#### [Task directions]
Nothing but the images should be left out when the entries are restated word for word.

#### [Supplied entries]

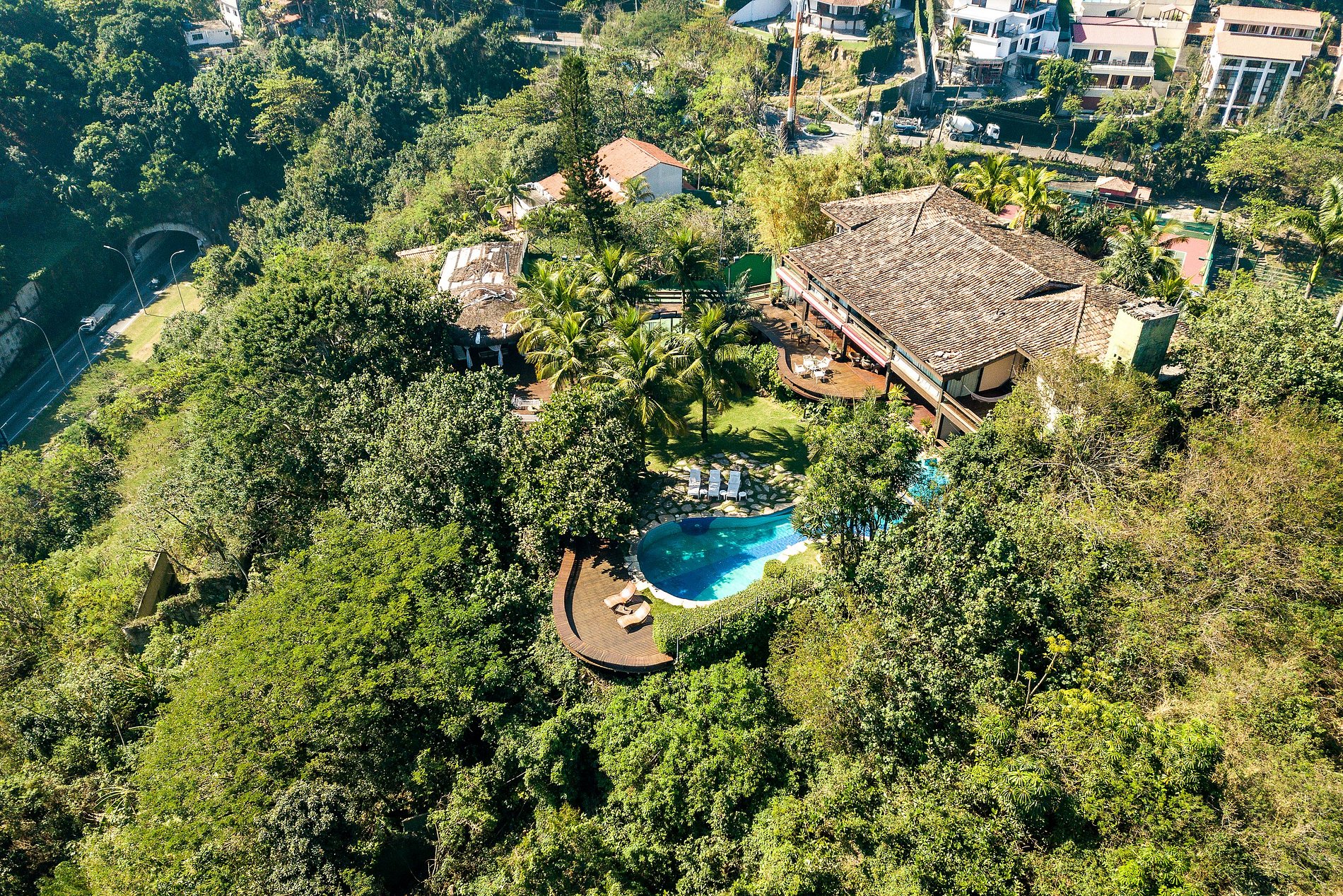 Ce villa exquis, dans une nature magnifique, dans l'exclusive Joatinga, occupe une superficie de 1600 m² sur un terrain d'environ 3000 m² avec une vue imprenable sur Sao Conrado, la plage de Barra et le Pain de sucre. Il est à seulement 100 mètres de la charmante plage de Rio de Janeiro, Joatinga Beach.
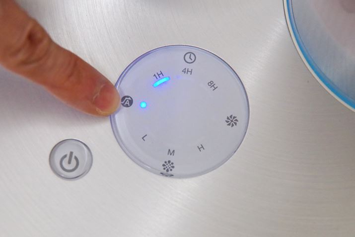 選択された運転モードが青く点灯する。ちなみに写真は、「自動運転で加湿され、1時間後に停止する」設定。運転停止タイマーは、1・4・8時間が選べる
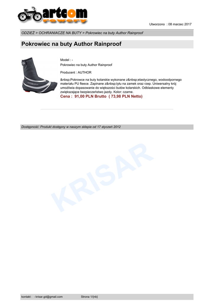 Utworzono : 08 marzec 2017 ODZIEŻ > OCHRANIACZE NA BUTY > Pokrowiec na buty Author Rainproof Pokrowiec na buty Author Rainproof Model : Pokrowiec na buty Author Rainproof Producent : AUTHOR Pokrowce na buty kolarskie wykonane z elastycznego, wodoodpornego materiału PU fleece. Zapinane z tyłu na zamek oraz rzep. Uniwersalny krój umożliwia dopasowanie do większości butów kolarskich. Odblaskowe elementy zwiększające bezpieczeństwo jazdy. Kolor: czarne. Cena : 91,00 PLN Brutto ( 73,98 PLN Netto) Dostępność: Produkt dostępny w naszym sklepie od 17 styczeń 2012 R A K kontakt : - [email protected] S I R Strona 1/{nb}
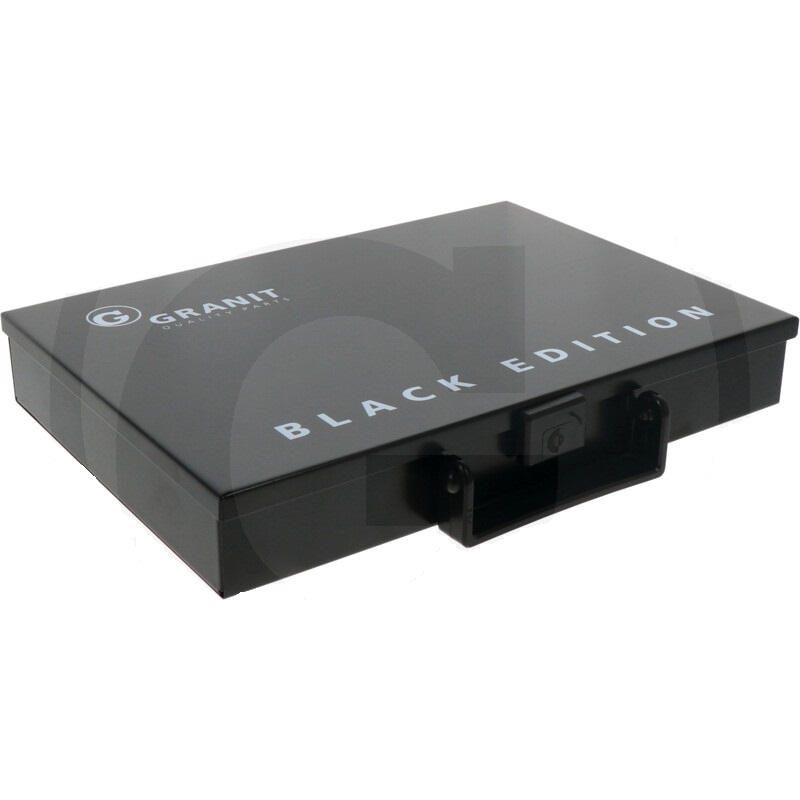 Kovový organizér kufřík na šrouby, šroubky 12 přihrádek Granit BLACK EDITION 330 x 230 x 50 mm nevybavený - stabilní kovový kufr GRANIT BLACK EDITION s práškovým nástřikem,
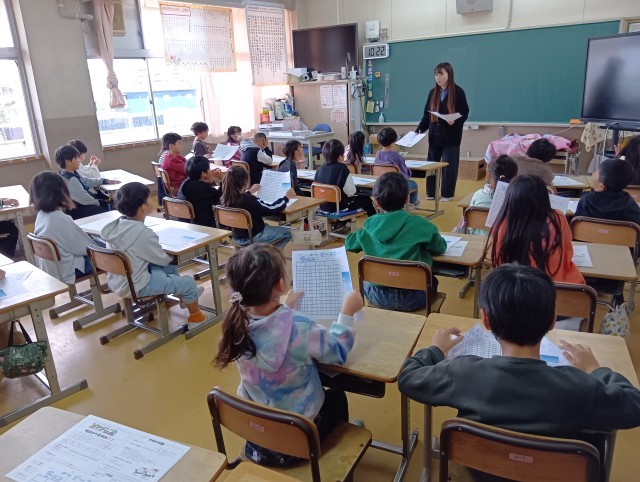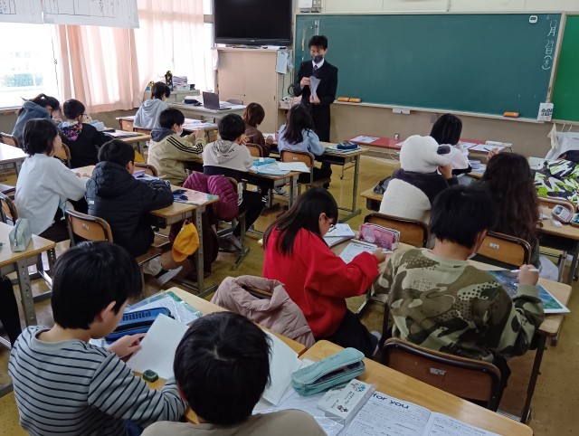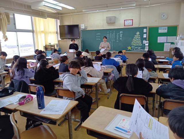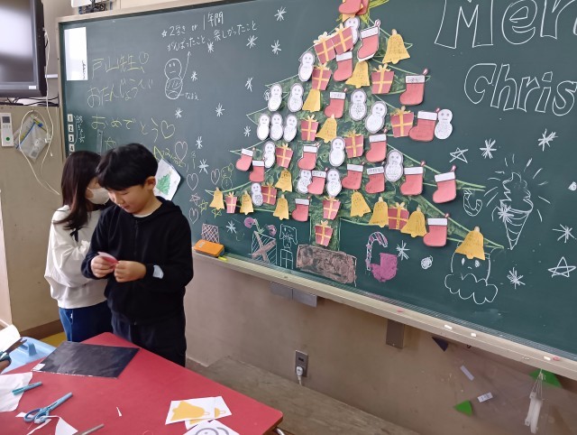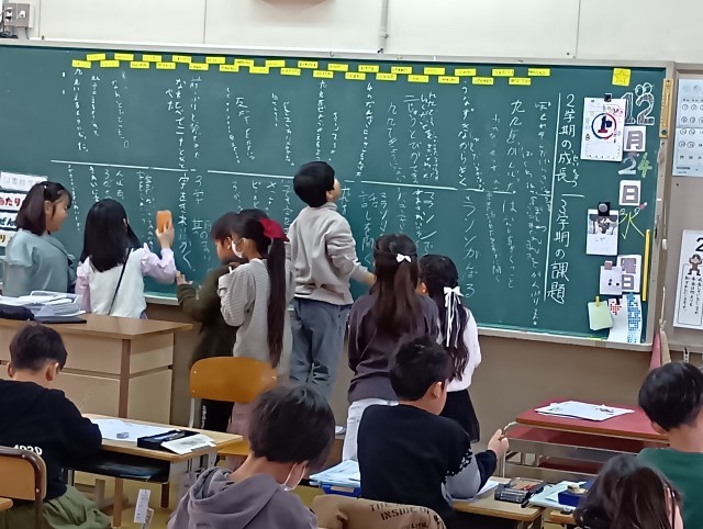 待っている間に、2学期に頑張ったことや3学期に頑張りたいことを書いているクラスもありました。
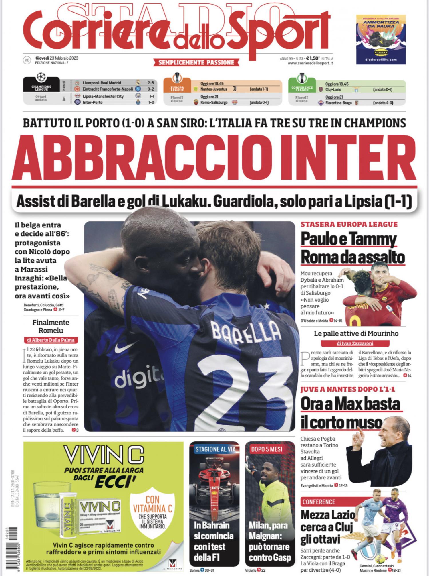 Nell'edizione di oggi, il Corriere dello Sport apre in prima pagina con la vittoria dell'Inter contro il Porto in Champions League: "Abbraccio Inter. Assist di Barella e gol di Lukaku". Di spalla spazio all'Europa League: "Paulo e Tammy, Roma d'assaolto", e "Ora Max basta il corto muso". In taglio basso la Conference League: "Mezza Lazio cerca a Cluj gli ottavi".
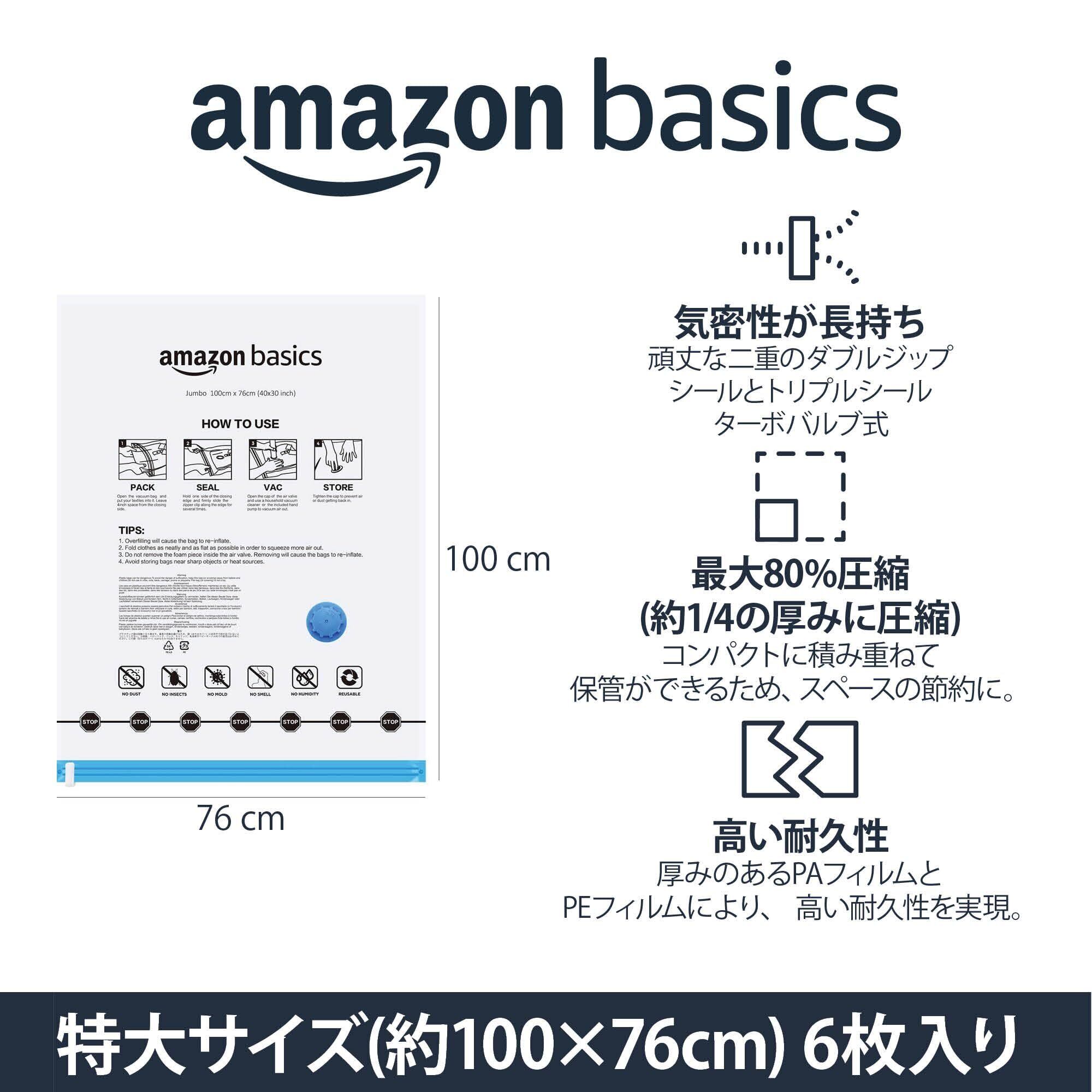 Amazonベーシック 真空 衣類圧縮袋 掃除機不要 ハンドポンプ付き 衣類 収納 旅行 カビ対策 特大(100×76cm)真空 6個パッククリア
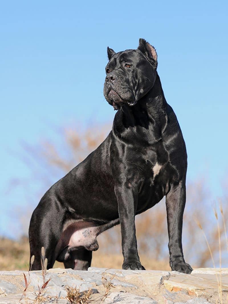 The Cane Corso is a large and athletic Italian breed. They have a strong bite force and were historically used as working dogs for guarding and hunting.
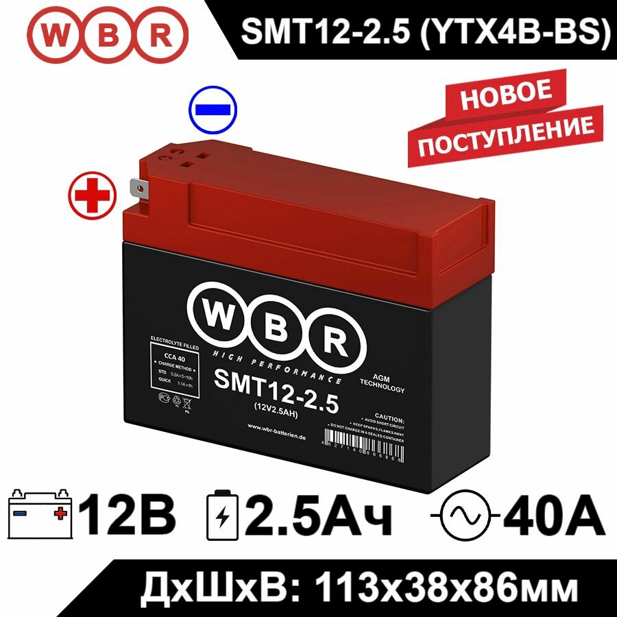 Купить Мото аккумулятор стартерный WBR MT12-2.5 12В 2,5Ач (12V 2.5Ah) полярность боковые, 40А (YTX4B-BS, CT 12025) AGM аккумулятор для мотоцикла, скутера, мопеда, гидроцикла, квадроцикла SMT12-2.5
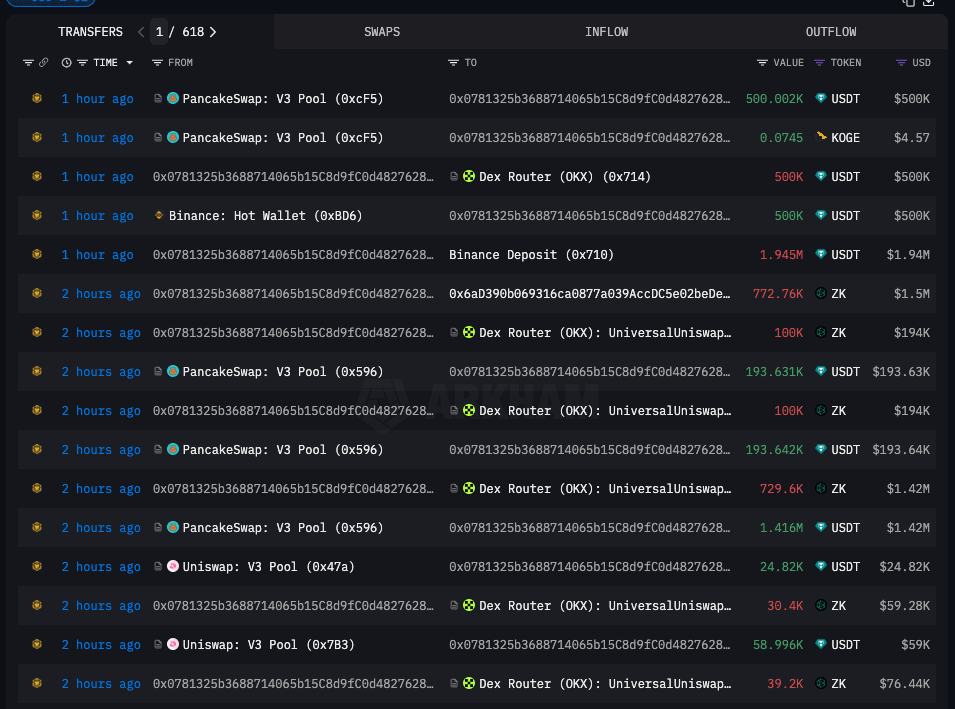 20:28 - 20:36: Tausch von 45.470 KOGE (~3,796 Millionen USD) gegen ZKJ, erzeugt Druck auf KOGE.
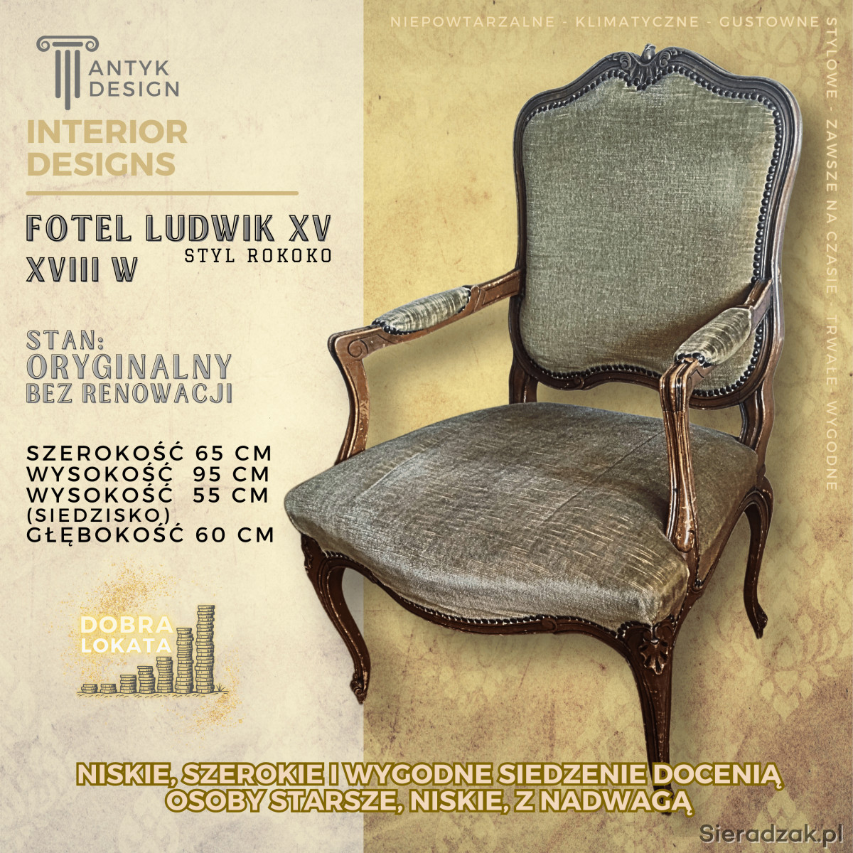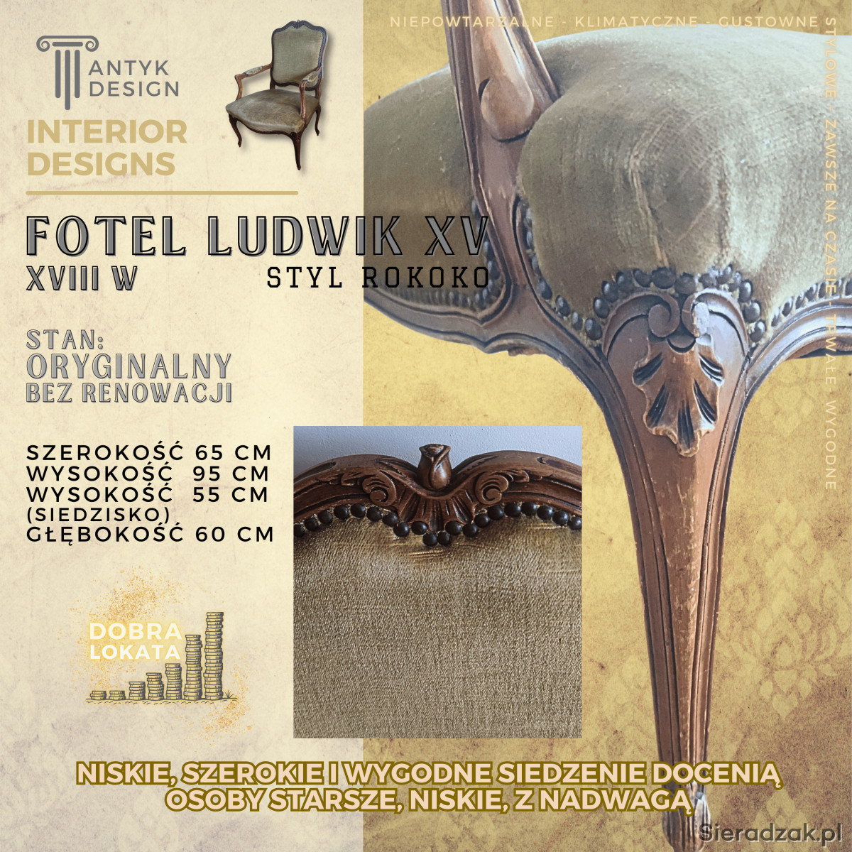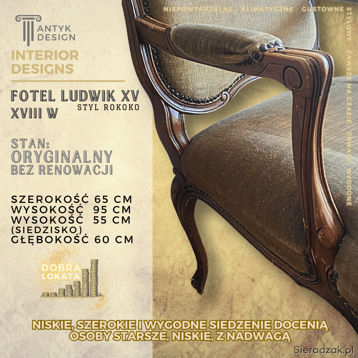 Fotel ten, to mebel z tak zwaną duszą. Posiada on swój własny charakter i historię, co czyni go unikatowym.

#### [Response box]
 Ce villa exquis, dans une nature magnifique, dans l'exclusive Joatinga, occupe une superficie de 1600 m² sur un terrain d'environ 3000 m² avec une vue imprenable sur Sao Conrado, la plage de Barra et le Pain de sucre. Il est à seulement 100 mètres de la charmante plage de Rio de Janeiro, Joatinga Beach.
 選択された運転モードが青く点灯する。ちなみに写真は、「自動運転で加湿され、1時間後に停止する」設定。運転停止タイマーは、1・4・8時間が選べる
 Utworzono : 08 marzec 2017 ODZIEŻ > OCHRANIACZE NA BUTY > Pokrowiec na buty Author Rainproof Pokrowiec na buty Author Rainproof Model : Pokrowiec na buty Author Rainproof Producent : AUTHOR Pokrowce na buty kolarskie wykonane z elastycznego, wodoodpornego materiału PU fleece. Zapinane z tyłu na zamek oraz rzep. Uniwersalny krój umożliwia dopasowanie do większości butów kolarskich. Odblaskowe elementy zwiększające bezpieczeństwo jazdy. Kolor: czarne. Cena : 91,00 PLN Brutto ( 73,98 PLN Netto) Dostępność: Produkt dostępny w naszym sklepie od 17 styczeń 2012 R A K kontakt : - [email protected] S I R Strona 1/{nb}
 Kovový organizér kufřík na šrouby, šroubky 12 přihrádek Granit BLACK EDITION 330 x 230 x 50 mm nevybavený - stabilní kovový kufr GRANIT BLACK EDITION s práškovým nástřikem,
 待っている間に、2学期に頑張ったことや3学期に頑張りたいことを書いているクラスもありました。
 Nell'edizione di oggi, il Corriere dello Sport apre in prima pagina con la vittoria dell'Inter contro il Porto in Champions League: "Abbraccio Inter. Assist di Barella e gol di Lukaku". Di spalla spazio all'Europa League: "Paulo e Tammy, Roma d'assaolto", e "Ora Max basta il corto muso". In taglio basso la Conference League: "Mezza Lazio cerca a Cluj gli ottavi".
 Amazonベーシック 真空 衣類圧縮袋 掃除機不要 ハンドポンプ付き 衣類 収納 旅行 カビ対策 特大(100×76cm)真空 6個パッククリア
 The Cane Corso is a large and athletic Italian breed. They have a strong bite force and were historically used as working dogs for guarding and hunting.
 Купить Мото аккумулятор стартерный WBR MT12-2.5 12В 2,5Ач (12V 2.5Ah) полярность боковые, 40А (YTX4B-BS, CT 12025) AGM аккумулятор для мотоцикла, скутера, мопеда, гидроцикла, квадроцикла SMT12-2.5
 20:28 - 20:36: Tausch von 45.470 KOGE (~3,796 Millionen USD) gegen ZKJ, erzeugt Druck auf KOGE.
 Fotel ten, to mebel z tak zwaną duszą. Posiada on swój własny charakter i historię, co czyni go unikatowym.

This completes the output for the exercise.